» Work request: Beginning with the line containing "La rústica invitación" and ending with the line containing "(¬1) منه نسخة", write out each line of the records below exactly; pictures and lines outside that range are left out.

» Task material:
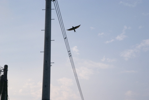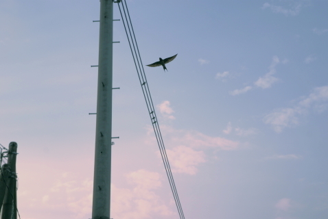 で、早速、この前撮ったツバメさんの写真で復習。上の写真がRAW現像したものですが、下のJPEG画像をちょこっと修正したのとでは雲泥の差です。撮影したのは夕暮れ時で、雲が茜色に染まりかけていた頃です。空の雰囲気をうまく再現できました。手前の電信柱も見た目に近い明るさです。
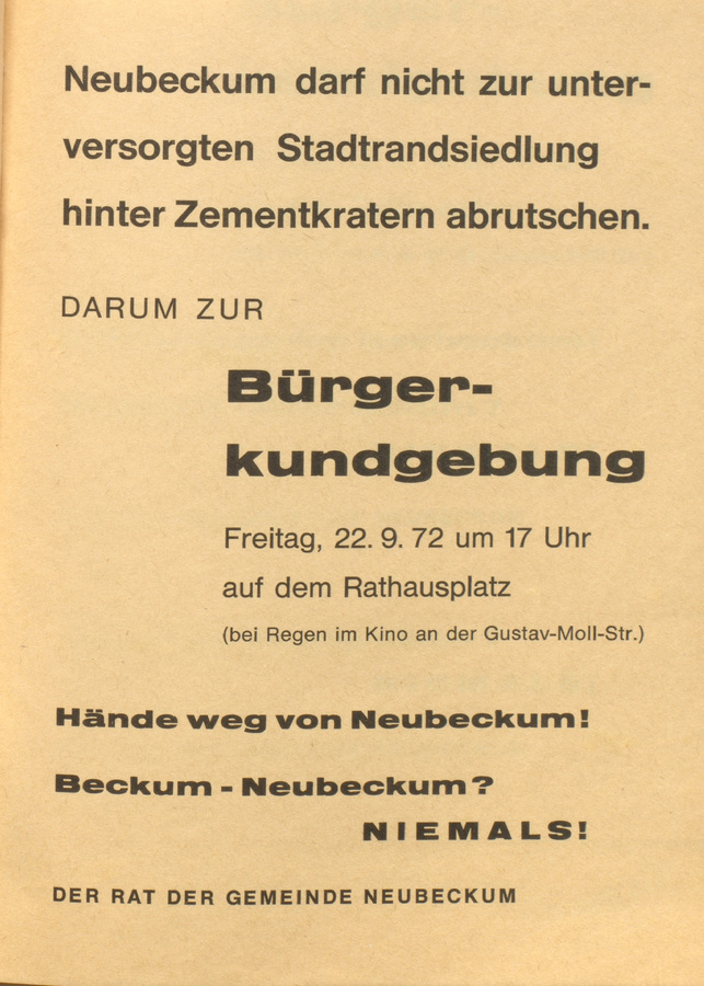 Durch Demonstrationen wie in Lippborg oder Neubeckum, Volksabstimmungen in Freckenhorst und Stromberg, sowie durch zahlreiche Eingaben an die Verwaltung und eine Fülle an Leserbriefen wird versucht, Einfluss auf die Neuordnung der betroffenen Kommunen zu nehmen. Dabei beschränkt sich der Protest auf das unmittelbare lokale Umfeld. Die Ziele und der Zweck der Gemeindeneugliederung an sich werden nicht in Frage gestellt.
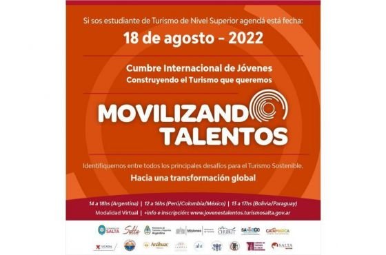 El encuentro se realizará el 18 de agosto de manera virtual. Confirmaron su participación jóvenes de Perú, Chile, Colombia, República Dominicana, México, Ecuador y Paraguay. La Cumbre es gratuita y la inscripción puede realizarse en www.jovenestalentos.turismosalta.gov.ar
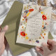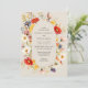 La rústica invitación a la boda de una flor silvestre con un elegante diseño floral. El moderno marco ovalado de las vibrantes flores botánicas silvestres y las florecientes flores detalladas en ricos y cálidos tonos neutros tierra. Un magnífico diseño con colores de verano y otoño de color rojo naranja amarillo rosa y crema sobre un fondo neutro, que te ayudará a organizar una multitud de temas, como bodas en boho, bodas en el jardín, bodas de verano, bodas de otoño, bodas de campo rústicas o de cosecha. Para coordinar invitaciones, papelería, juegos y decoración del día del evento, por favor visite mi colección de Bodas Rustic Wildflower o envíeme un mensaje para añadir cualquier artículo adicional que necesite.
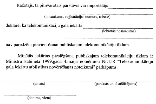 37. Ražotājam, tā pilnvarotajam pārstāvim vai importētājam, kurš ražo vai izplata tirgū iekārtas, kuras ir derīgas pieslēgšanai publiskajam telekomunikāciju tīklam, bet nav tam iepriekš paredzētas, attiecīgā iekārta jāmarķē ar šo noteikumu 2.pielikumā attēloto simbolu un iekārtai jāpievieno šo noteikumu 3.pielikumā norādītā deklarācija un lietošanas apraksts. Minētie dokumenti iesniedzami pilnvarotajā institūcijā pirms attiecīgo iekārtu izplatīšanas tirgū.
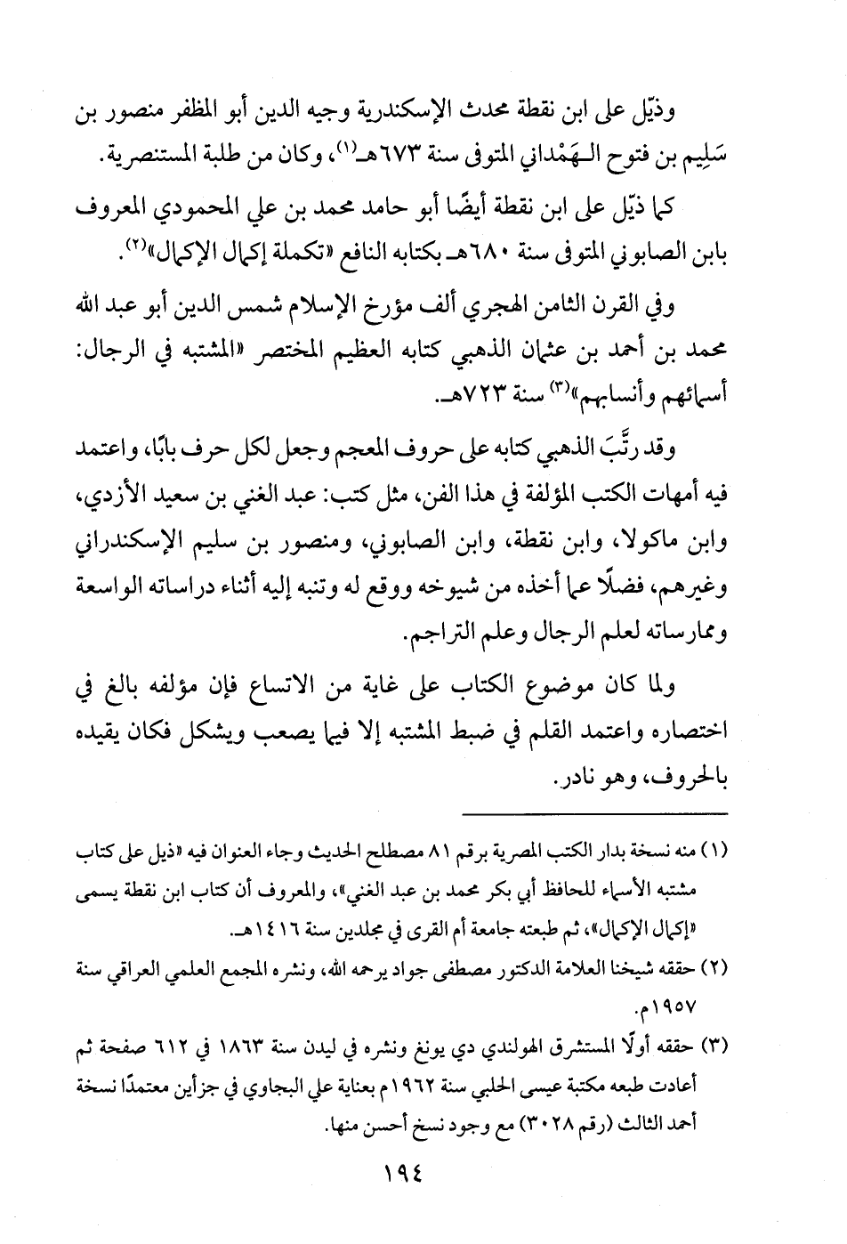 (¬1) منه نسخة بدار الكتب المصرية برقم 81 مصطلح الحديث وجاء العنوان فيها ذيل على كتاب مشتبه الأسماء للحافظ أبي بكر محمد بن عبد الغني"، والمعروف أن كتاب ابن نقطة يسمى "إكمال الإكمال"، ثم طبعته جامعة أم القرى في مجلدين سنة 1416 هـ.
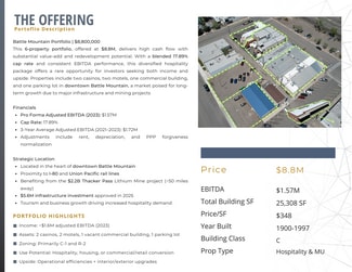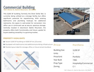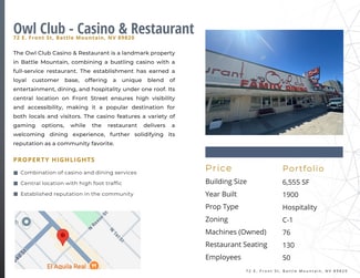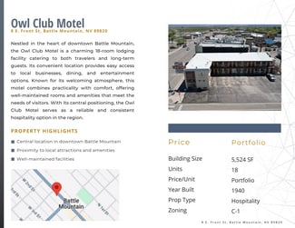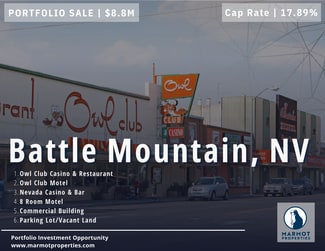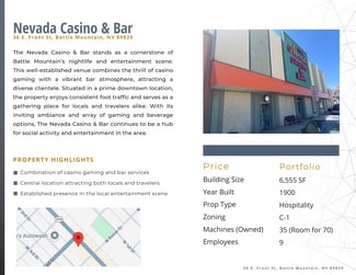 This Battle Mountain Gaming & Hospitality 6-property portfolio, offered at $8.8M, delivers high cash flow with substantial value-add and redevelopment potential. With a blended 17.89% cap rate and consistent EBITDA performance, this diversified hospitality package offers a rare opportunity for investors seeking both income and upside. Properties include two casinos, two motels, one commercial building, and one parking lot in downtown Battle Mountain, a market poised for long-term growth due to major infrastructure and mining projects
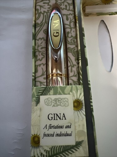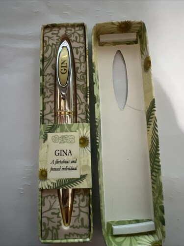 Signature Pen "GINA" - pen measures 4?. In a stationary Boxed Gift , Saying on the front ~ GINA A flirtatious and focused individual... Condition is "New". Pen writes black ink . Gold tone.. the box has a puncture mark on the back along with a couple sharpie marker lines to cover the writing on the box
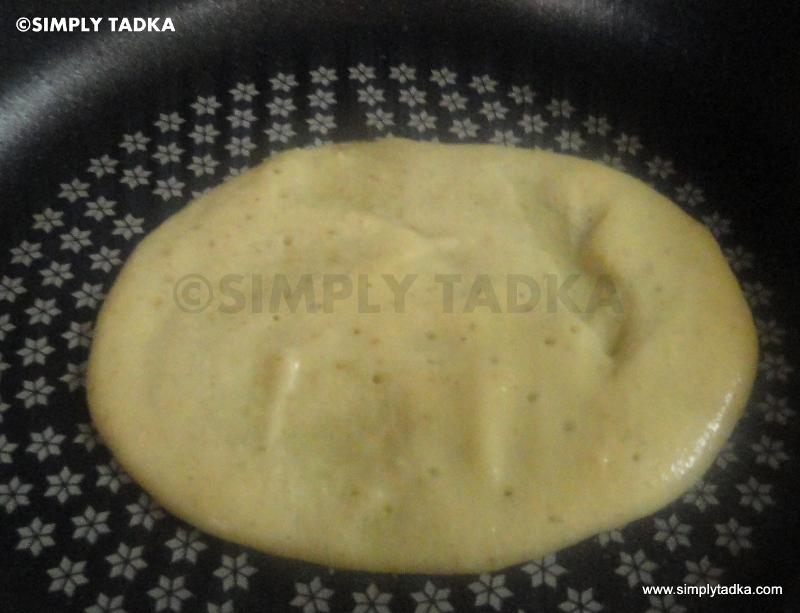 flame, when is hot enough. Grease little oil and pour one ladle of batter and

» Answer to the exercise:
 La rústica invitación a la boda de una flor silvestre con un elegante diseño floral. El moderno marco ovalado de las vibrantes flores botánicas silvestres y las florecientes flores detalladas en ricos y cálidos tonos neutros tierra. Un magnífico diseño con colores de verano y otoño de color rojo naranja amarillo rosa y crema sobre un fondo neutro, que te ayudará a organizar una multitud de temas, como bodas en boho, bodas en el jardín, bodas de verano, bodas de otoño, bodas de campo rústicas o de cosecha. Para coordinar invitaciones, papelería, juegos y decoración del día del evento, por favor visite mi colección de Bodas Rustic Wildflower o envíeme un mensaje para añadir cualquier artículo adicional que necesite.
 37. Ražotājam, tā pilnvarotajam pārstāvim vai importētājam, kurš ražo vai izplata tirgū iekārtas, kuras ir derīgas pieslēgšanai publiskajam telekomunikāciju tīklam, bet nav tam iepriekš paredzētas, attiecīgā iekārta jāmarķē ar šo noteikumu 2.pielikumā attēloto simbolu un iekārtai jāpievieno šo noteikumu 3.pielikumā norādītā deklarācija un lietošanas apraksts. Minētie dokumenti iesniedzami pilnvarotajā institūcijā pirms attiecīgo iekārtu izplatīšanas tirgū.
 (¬1) منه نسخة بدار الكتب المصرية برقم 81 مصطلح الحديث وجاء العنوان فيها ذيل على كتاب مشتبه الأسماء للحافظ أبي بكر محمد بن عبد الغني"، والمعروف أن كتاب ابن نقطة يسمى "إكمال الإكمال"، ثم طبعته جامعة أم القرى في مجلدين سنة 1416 هـ.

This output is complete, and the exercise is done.